La vida es complicada, unas veces más que otras. Así como he tenido momentos de gozo, también he vivido la desesperación y, confieso, ganas de que todo se acabe.
Hay quienes ven en el suicidio un acto de valentía, tal vez porque el suicida se aventura voluntariamente a cruzar el umbral de la muerte, paso ante el cual la mayoría de las personas sienten miedo, por lo menos en Occidente, nutrido por las escabrosas imágenes de la pasión y muerte de Jesús; aquí aún nos cuesta trabajo reconocer que la existencia no termina cuando fallecemos, sino que continúa eternamente. Para otras personas, por el contrario, suicidarse constituye un acto de cobardía, pues quien lo hace parece no ser capaz de asumir la realidad, aceptar aquello que pasa, y encuentra una salida aparentemente fácil a un cúmulo de problemas que se ven irresolubles o simplemente al desencanto por la vida. Lejos estoy de juzgar a quien se suicida, bien sea porque ante una enfermedad terminal decide acudir a la eutanasia o porque en algún recodo del camino corta su hilo vital.

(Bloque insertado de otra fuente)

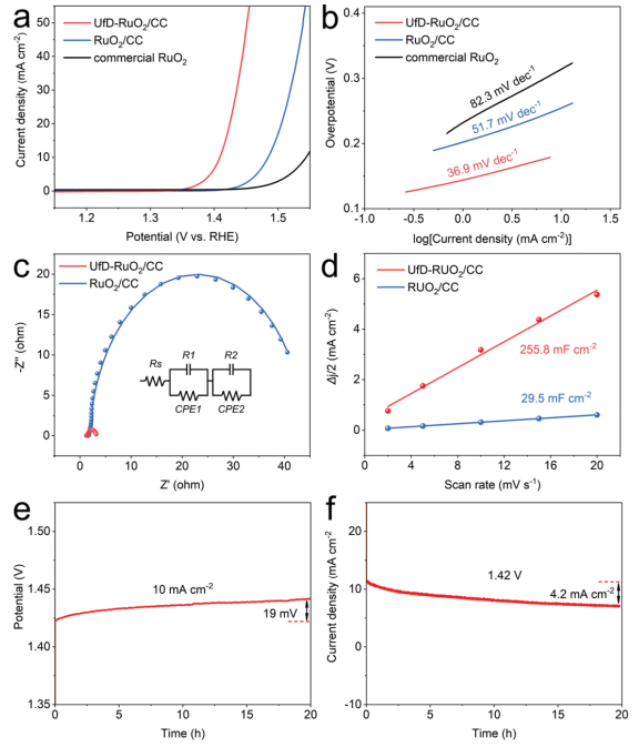 -2的固定電流密度下的穩定性測試。f)UfD-RuO

Personas cercanas decidieron aplicarse la eutanasia y otras se suicidaron, incluyendo a una antigua pareja. Una de ellas, en su lecho de enferma, me preguntaba qué creía yo sobre la muerte y qué hay más allá. Con otra, tras cometer varios intentos de suicidio -uno de ellos ante el cual me sentí absolutamente impotente-, pude hablar sobre lo que en aquel momento de juventud pensaba yo sobre la vida; nada de ello funcionó y la noticia de su suicidio fue como una puñalada en mi pecho. Hoy puedo comprender que tras cada acto de atentar contra la propia vida hay, sobre todo, una profunda desconexión con quien se es y con aquello más grande que nosotros, lo cual nos envuelve y trasciende, llamémosle Dios, Jehová, Yahvéh, la Fuente o la Energía… Y ante esa desconexión -que en verdad no es real, pues a pesar de nosotros mismos siempre estamos conectados- siento una profunda compasión.
Perder el sentido de conexión nos lleva al caos, a niveles de entropía que se expresan en el desdén por la vida. En esa espiral descendente no somos capaces de comprender que aquello que vivimos es, fundamentalmente, nuestra responsabilidad y que para evolucionar necesitamos asumirla, ben sea quiebra, enfermedad, ruptura sentimental o cualquier equivocación. Tener consciencia de la conexión con Dios nos permite reconocer que pase lo que pase estamos protegidos y que finalmente todo se resuelve, así no sea de la manera en que imaginamos o queremos. Necesitamos profundizar en nuestro autoconocimiento, orar y meditar permanentemente para activar esa conexión esencial. ¡Sabernos y sentirnos conectados nos permite abrazar la vida en todo instante!